## Exercise
In the listing below, the lines starting at the line with "初夏時(shí)節(jié)" and ending at the line with "AK Bludenz, Ortsansicht" are to be output verbatim. Images stay out of the copy.

## Available records
****************************************
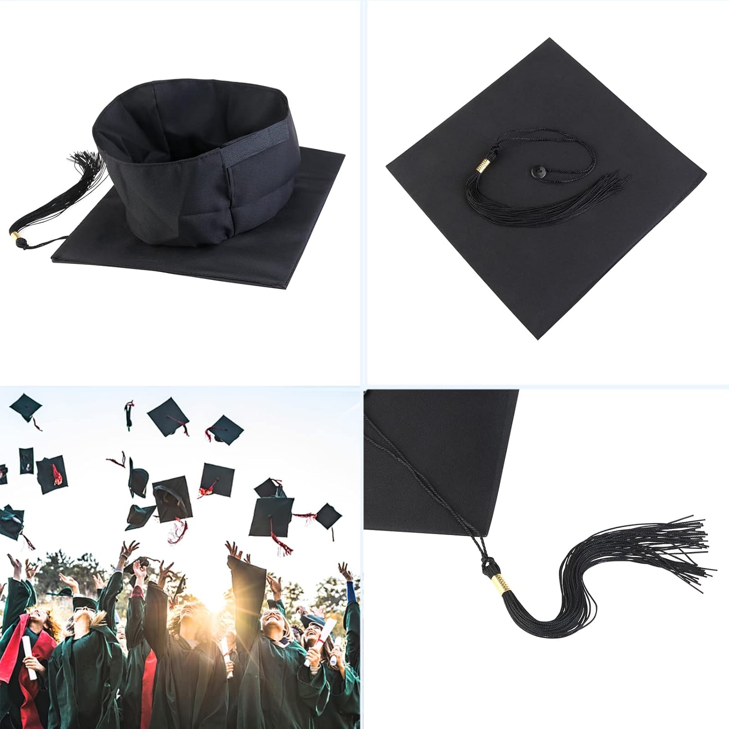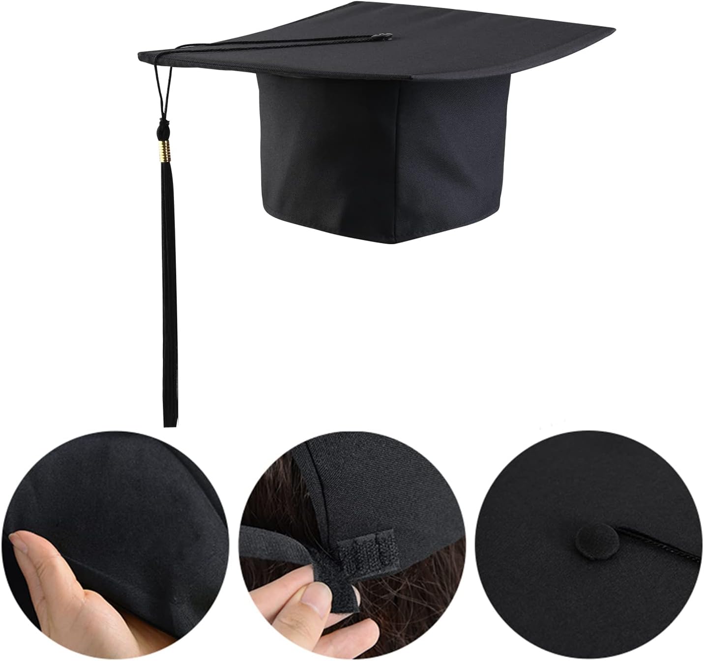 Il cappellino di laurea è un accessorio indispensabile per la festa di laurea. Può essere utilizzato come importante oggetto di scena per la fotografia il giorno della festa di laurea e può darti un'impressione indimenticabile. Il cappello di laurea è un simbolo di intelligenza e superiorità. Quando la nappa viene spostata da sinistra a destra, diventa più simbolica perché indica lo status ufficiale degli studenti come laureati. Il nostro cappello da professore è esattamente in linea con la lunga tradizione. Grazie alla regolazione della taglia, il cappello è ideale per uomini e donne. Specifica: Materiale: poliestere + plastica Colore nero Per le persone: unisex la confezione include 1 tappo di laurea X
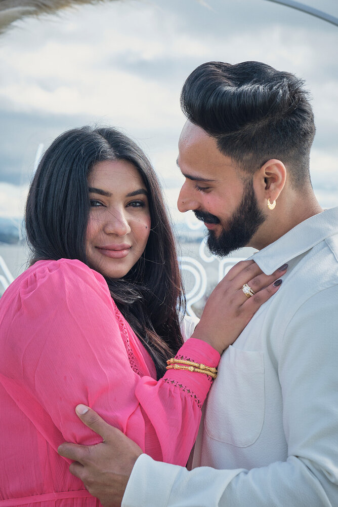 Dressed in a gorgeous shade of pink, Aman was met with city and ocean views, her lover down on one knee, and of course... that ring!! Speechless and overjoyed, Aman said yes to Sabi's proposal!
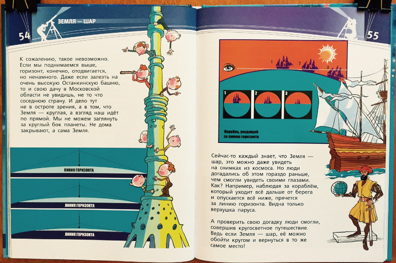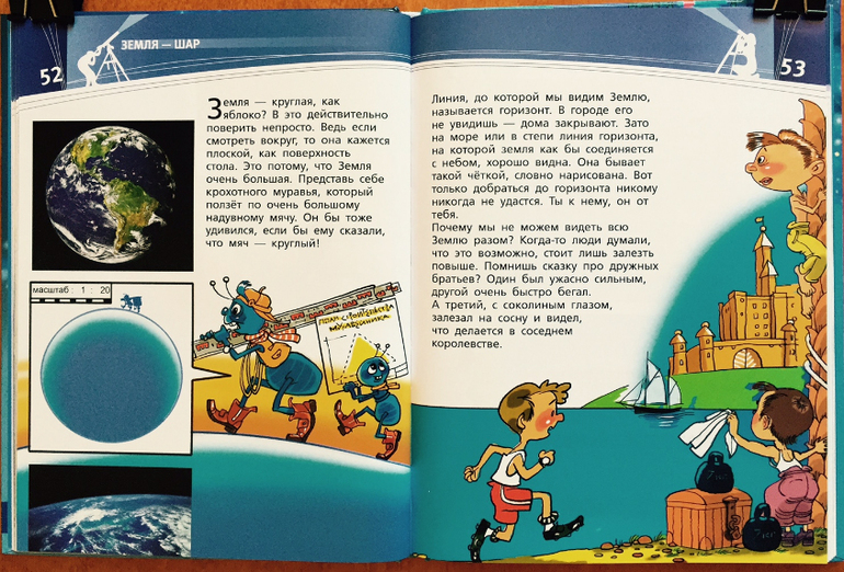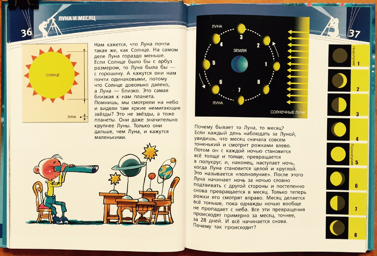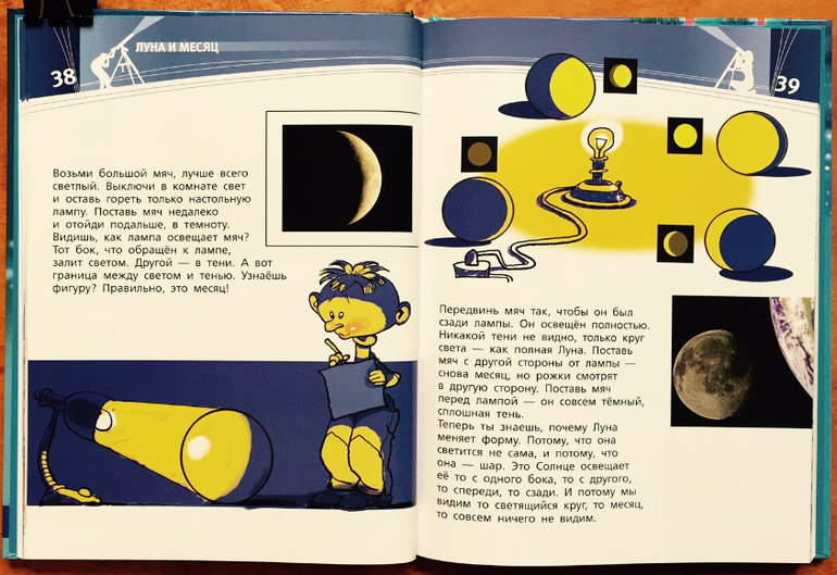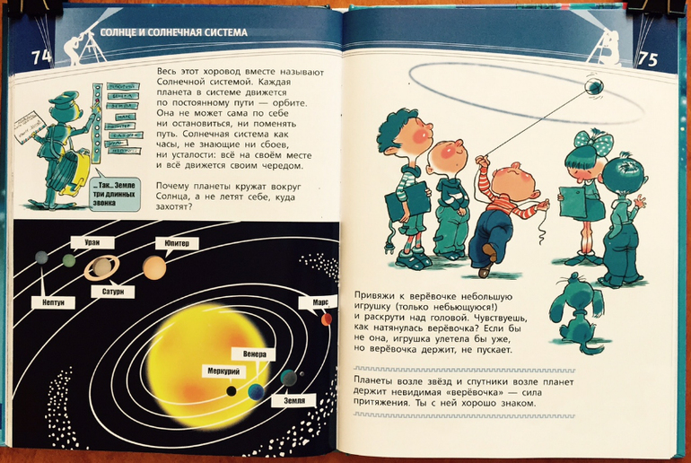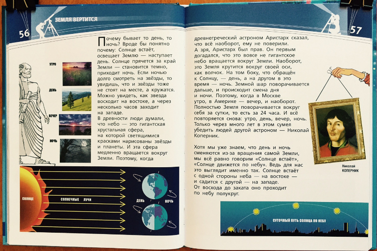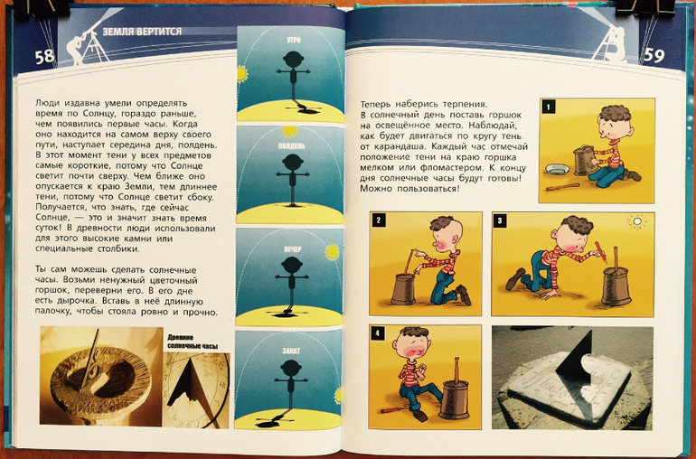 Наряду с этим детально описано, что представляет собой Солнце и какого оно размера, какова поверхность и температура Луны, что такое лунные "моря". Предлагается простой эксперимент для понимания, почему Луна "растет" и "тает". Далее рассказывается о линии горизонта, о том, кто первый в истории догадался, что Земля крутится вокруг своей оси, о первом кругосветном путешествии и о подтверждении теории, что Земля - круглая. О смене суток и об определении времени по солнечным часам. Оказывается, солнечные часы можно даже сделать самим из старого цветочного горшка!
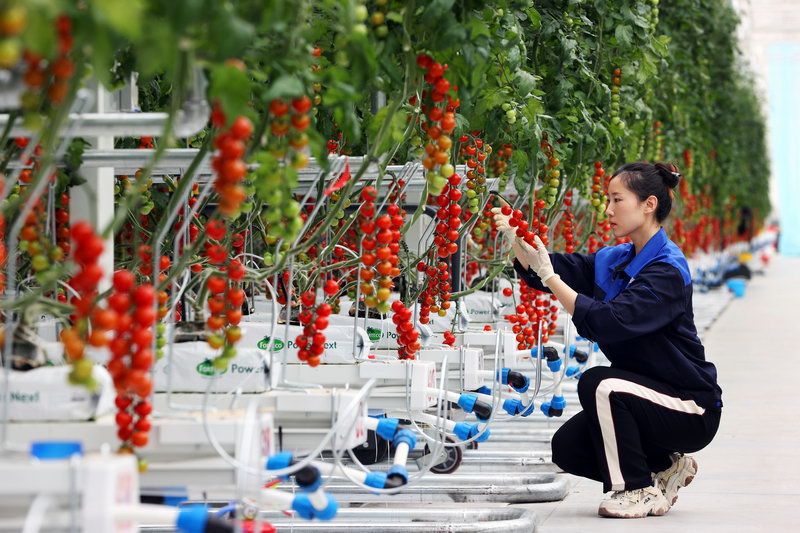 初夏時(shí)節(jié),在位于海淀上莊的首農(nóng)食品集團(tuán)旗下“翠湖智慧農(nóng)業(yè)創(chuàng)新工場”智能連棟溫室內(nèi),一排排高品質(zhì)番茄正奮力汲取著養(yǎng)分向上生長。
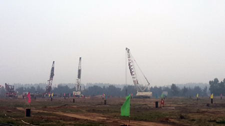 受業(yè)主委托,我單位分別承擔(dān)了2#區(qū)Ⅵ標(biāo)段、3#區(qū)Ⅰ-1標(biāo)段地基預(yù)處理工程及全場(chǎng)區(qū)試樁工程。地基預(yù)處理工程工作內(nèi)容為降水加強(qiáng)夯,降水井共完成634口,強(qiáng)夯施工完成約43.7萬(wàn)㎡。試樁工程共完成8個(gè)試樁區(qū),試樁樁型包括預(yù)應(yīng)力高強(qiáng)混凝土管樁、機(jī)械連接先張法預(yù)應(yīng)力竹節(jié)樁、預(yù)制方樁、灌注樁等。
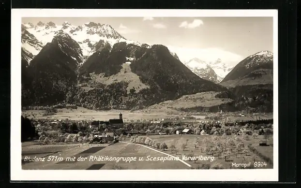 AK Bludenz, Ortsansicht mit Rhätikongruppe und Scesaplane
****************************************
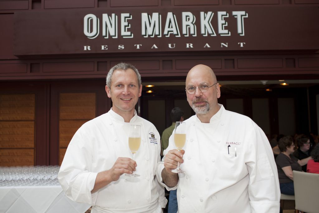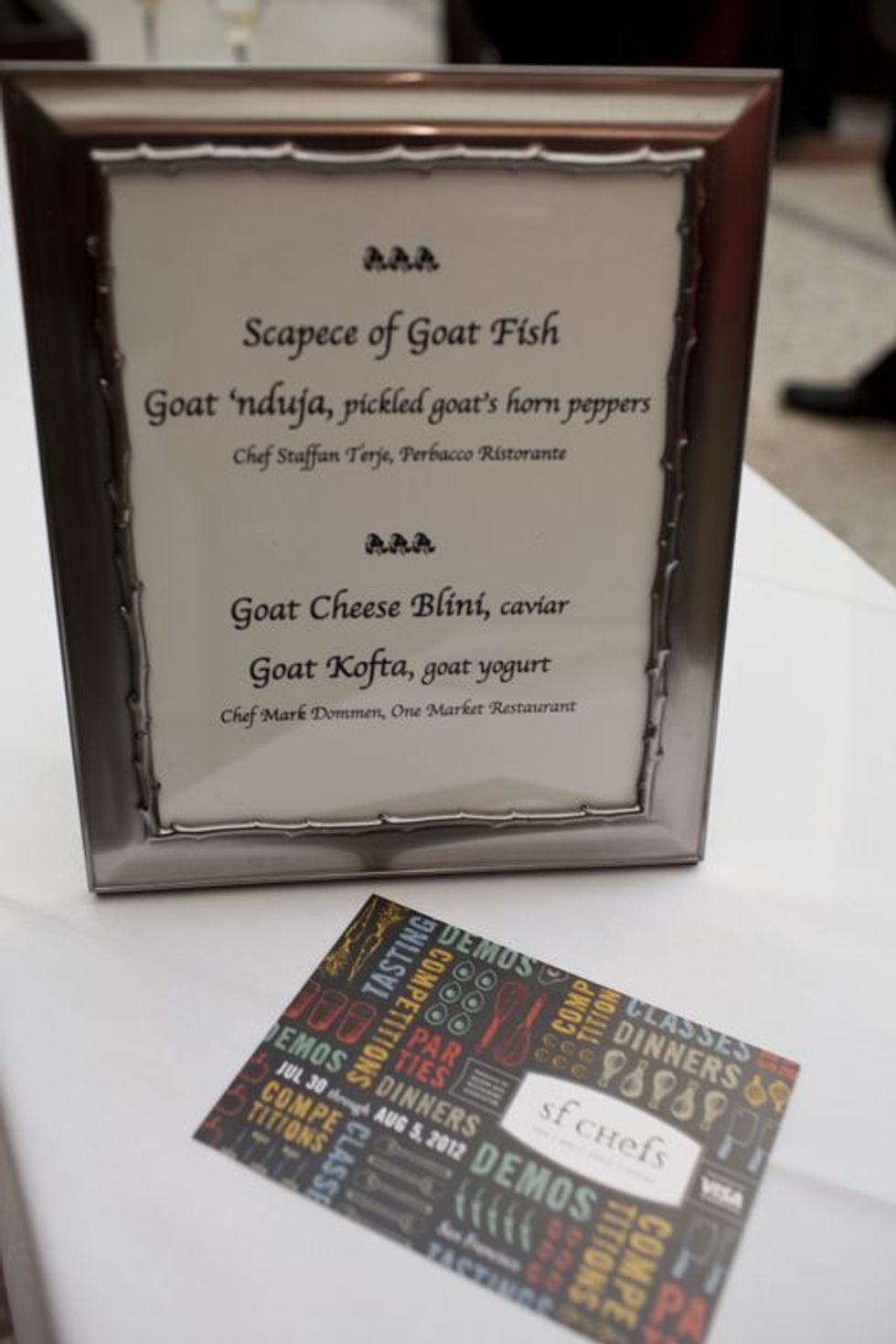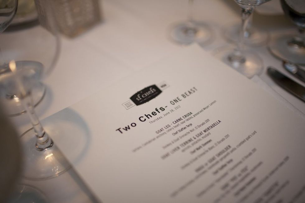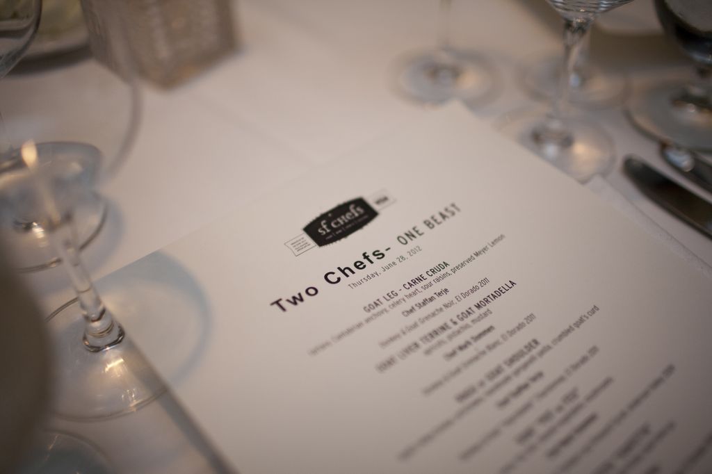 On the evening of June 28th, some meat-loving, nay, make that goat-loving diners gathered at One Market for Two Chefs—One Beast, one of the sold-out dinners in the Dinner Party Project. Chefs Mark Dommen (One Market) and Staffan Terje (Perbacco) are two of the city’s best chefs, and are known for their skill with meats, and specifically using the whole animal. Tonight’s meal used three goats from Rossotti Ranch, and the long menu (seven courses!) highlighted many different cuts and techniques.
****************************************
## Result
 初夏時(shí)節(jié),在位于海淀上莊的首農(nóng)食品集團(tuán)旗下“翠湖智慧農(nóng)業(yè)創(chuàng)新工場”智能連棟溫室內(nèi),一排排高品質(zhì)番茄正奮力汲取著養(yǎng)分向上生長。
 受業(yè)主委托,我單位分別承擔(dān)了2#區(qū)Ⅵ標(biāo)段、3#區(qū)Ⅰ-1標(biāo)段地基預(yù)處理工程及全場(chǎng)區(qū)試樁工程。地基預(yù)處理工程工作內(nèi)容為降水加強(qiáng)夯,降水井共完成634口,強(qiáng)夯施工完成約43.7萬(wàn)㎡。試樁工程共完成8個(gè)試樁區(qū),試樁樁型包括預(yù)應(yīng)力高強(qiáng)混凝土管樁、機(jī)械連接先張法預(yù)應(yīng)力竹節(jié)樁、預(yù)制方樁、灌注樁等。
 AK Bludenz, Ortsansicht mit Rhätikongruppe und Scesaplane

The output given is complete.